■ **Assigned task**
Exactly as written, return all the data, leaving its pictures behind.

Recorded data:
_____

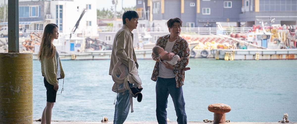“Broker” (⭐ ⭐ ⭐ 1/2) is expanding to local arthouse theaters this weekend; it’s the latest from the prolific Japanese writer director Hirokazu Kore-eda, whose wonderful 2018 drama “Shoplifters” won the Palme d’Or at Cannes and was nominated for a Foreign Language Oscar. Kore-eda almost obsessively makes movies about troubled characters who find solace in improvised families, and “Broker” is more of the same – if you liked “Shoplifters,” you’ll like the new film, which at times almost plays like a remake. (Kore-eda has described it as a “companion piece.”) Filmed in South Korea, it stars Song Kang-ho (above right) – the con-artist dad in Bong Joon-ho’s devilish “Parasite” – as a laundry owner with a side hustle in selling abandoned babies on the black market. He and his hapless partner (Gang Dong-wan, above center) are tailed by two lady police investigators (by-the-book Bae Doona and laissez-faire Lee Joo-young) and confronted by a young mother (Lee Ji-eun, above left) desperate to get her baby back. What in other hands might be a suspense thriller or a melodrama becomes a Kore-eda special: a road movie, a melancholy comedy, and a moving testament to the human need to gather in together. It’s the same recipe as “Shoplifters,” with the same ingredients, but it tastes just as good the second time around.
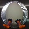 This is my first attempt at a carved cake, and my second try with fondant. This was inspired by a cake I saw on Cakecentral and another on Flikr, but I added my own spin on it with extra cracks in the shell and Big Bird legs. The cake is strawberry with vanilla frosting and fondant. I skewered the fondant legs into the cake and they sagged from the weight. Next time I use dowels. I put down black fondant first, behind the white fondant, so it'd look better when I cut out the cracked area (thanks Duff). Unfortunately you can see the two rectangular patches of black showing through the white a little-- but it's not too bad... I'm still learning.
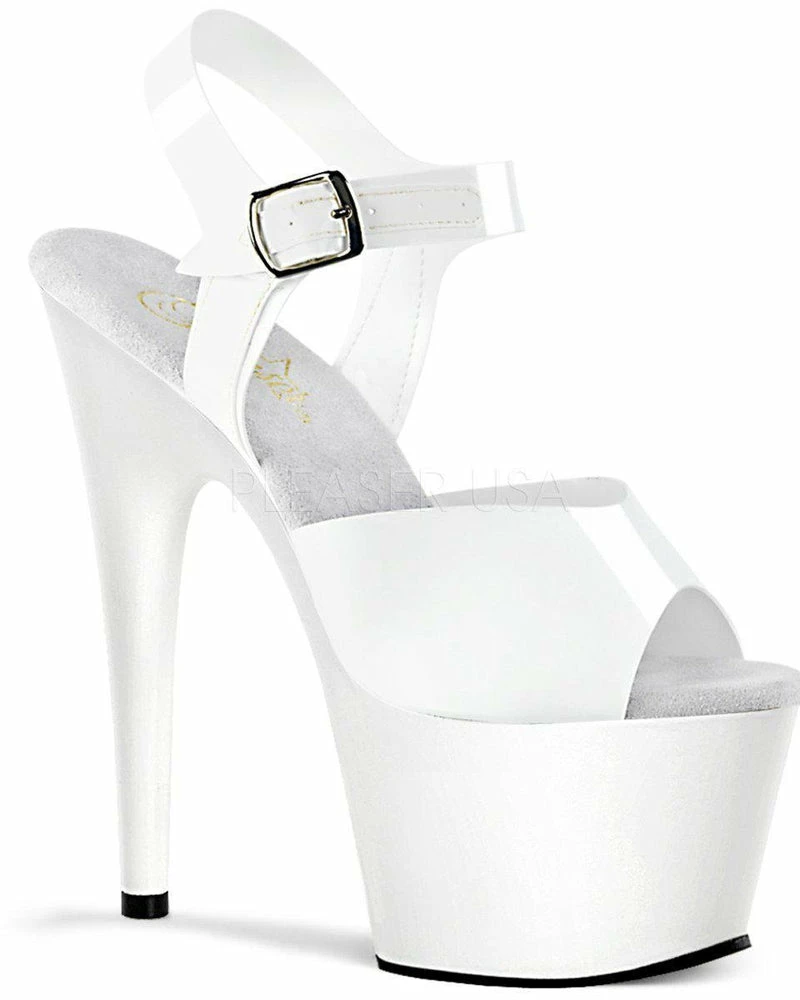 What a heel that fits like a glove? Wish you could have a singular coloured heel and ankle strap but enjoy the flexibility of your clear plastic uppers? Well the new Adore-708N’s are here! This new style has coloured TPU uppers to match the platform colour.
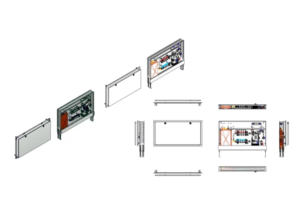 Die Regelstation für Flächenheizung ist mit einer Systemtrennung und einer Festwertregelung 20-50 °C ausgestattet. Die im Unterputzschrank montierte Regelgruppe umfasst eine Umwälzpumpe, einen Edelstahlverteiler mit absperrbaren Durchflussanzeigern und Ventileinsätzen für EGO-Schnellverschluss, sowie eine vertikale Anschlussgarnitur mit Wärmezählerverrohrung. Zusätzlich ist eine Wasserzählereinbaustrecke für Trinkwasser kalt vorhanden. Es gibt Platzhaltungen für eine Klemmleiste und EGO-Rgelantriebe.
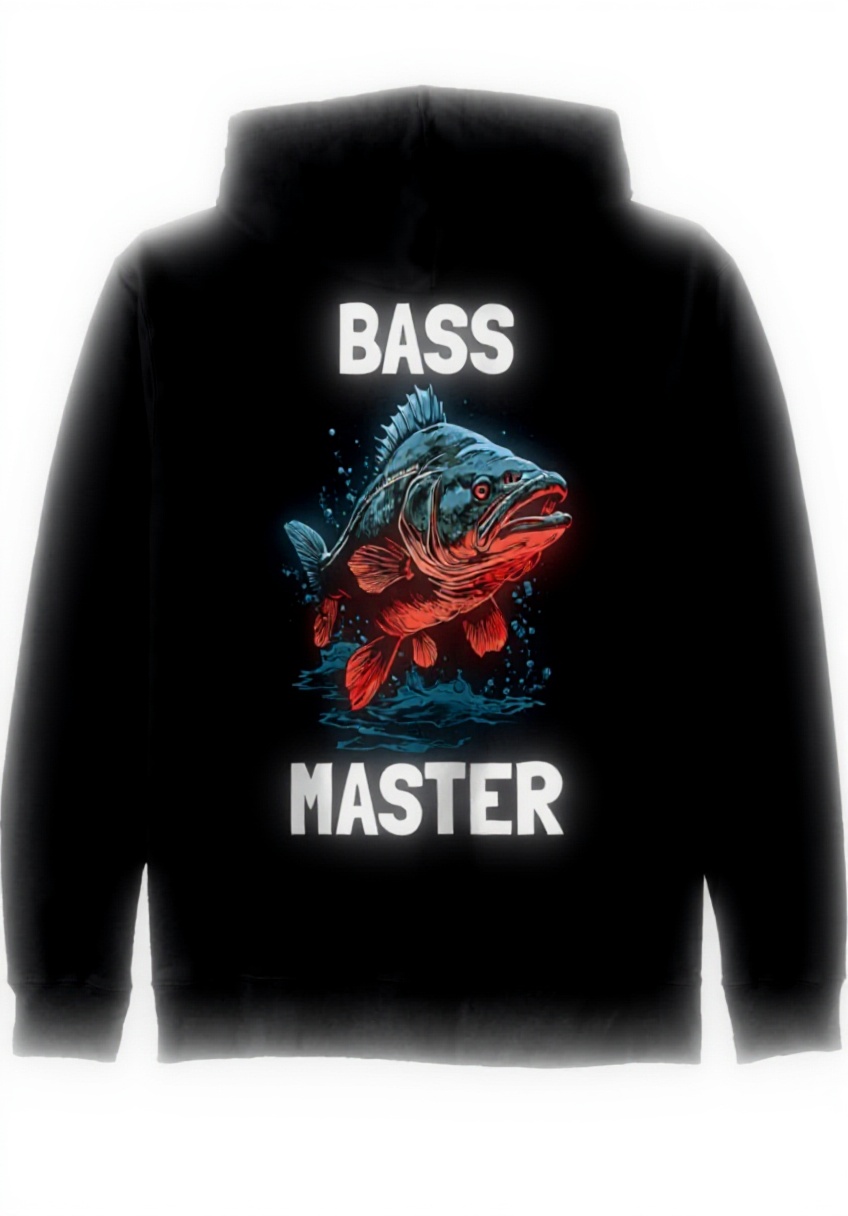 Diese Kapuzenjacke überzeugt mit einem auffälligen Barsch-Design und dem Schriftzug ‘Bass Master’, das mittels KI gestaltet wurde. Hergestellt aus hochwertigen Materialien, ist sie mit 241 Gramm extrem leicht und bietet einen klassischen Schnitt für optimale Bewegungsfreiheit. Der verstärkte Nacken sorgt für zusätzlichen Komfort und Langlebigkeit.
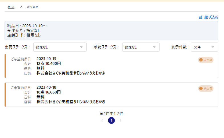 TOP画面より注文履歴を開くと本日以降の納品予定の注文履歴がみれます。 「未出荷」の注文が編集できます。該当の納品日の注文を確認します。

_____

■ **Solution to this problem**
“Broker” (⭐ ⭐ ⭐ 1/2) is expanding to local arthouse theaters this weekend; it’s the latest from the prolific Japanese writer director Hirokazu Kore-eda, whose wonderful 2018 drama “Shoplifters” won the Palme d’Or at Cannes and was nominated for a Foreign Language Oscar. Kore-eda almost obsessively makes movies about troubled characters who find solace in improvised families, and “Broker” is more of the same – if you liked “Shoplifters,” you’ll like the new film, which at times almost plays like a remake. (Kore-eda has described it as a “companion piece.”) Filmed in South Korea, it stars Song Kang-ho (above right) – the con-artist dad in Bong Joon-ho’s devilish “Parasite” – as a laundry owner with a side hustle in selling abandoned babies on the black market. He and his hapless partner (Gang Dong-wan, above center) are tailed by two lady police investigators (by-the-book Bae Doona and laissez-faire Lee Joo-young) and confronted by a young mother (Lee Ji-eun, above left) desperate to get her baby back. What in other hands might be a suspense thriller or a melodrama becomes a Kore-eda special: a road movie, a melancholy comedy, and a moving testament to the human need to gather in together. It’s the same recipe as “Shoplifters,” with the same ingredients, but it tastes just as good the second time around.
 This is my first attempt at a carved cake, and my second try with fondant. This was inspired by a cake I saw on Cakecentral and another on Flikr, but I added my own spin on it with extra cracks in the shell and Big Bird legs. The cake is strawberry with vanilla frosting and fondant. I skewered the fondant legs into the cake and they sagged from the weight. Next time I use dowels. I put down black fondant first, behind the white fondant, so it'd look better when I cut out the cracked area (thanks Duff). Unfortunately you can see the two rectangular patches of black showing through the white a little-- but it's not too bad... I'm still learning.
 What a heel that fits like a glove? Wish you could have a singular coloured heel and ankle strap but enjoy the flexibility of your clear plastic uppers? Well the new Adore-708N’s are here! This new style has coloured TPU uppers to match the platform colour.
 Die Regelstation für Flächenheizung ist mit einer Systemtrennung und einer Festwertregelung 20-50 °C ausgestattet. Die im Unterputzschrank montierte Regelgruppe umfasst eine Umwälzpumpe, einen Edelstahlverteiler mit absperrbaren Durchflussanzeigern und Ventileinsätzen für EGO-Schnellverschluss, sowie eine vertikale Anschlussgarnitur mit Wärmezählerverrohrung. Zusätzlich ist eine Wasserzählereinbaustrecke für Trinkwasser kalt vorhanden. Es gibt Platzhaltungen für eine Klemmleiste und EGO-Rgelantriebe.
 Diese Kapuzenjacke überzeugt mit einem auffälligen Barsch-Design und dem Schriftzug ‘Bass Master’, das mittels KI gestaltet wurde. Hergestellt aus hochwertigen Materialien, ist sie mit 241 Gramm extrem leicht und bietet einen klassischen Schnitt für optimale Bewegungsfreiheit. Der verstärkte Nacken sorgt für zusätzlichen Komfort und Langlebigkeit.
 TOP画面より注文履歴を開くと本日以降の納品予定の注文履歴がみれます。 「未出荷」の注文が編集できます。該当の納品日の注文を確認します。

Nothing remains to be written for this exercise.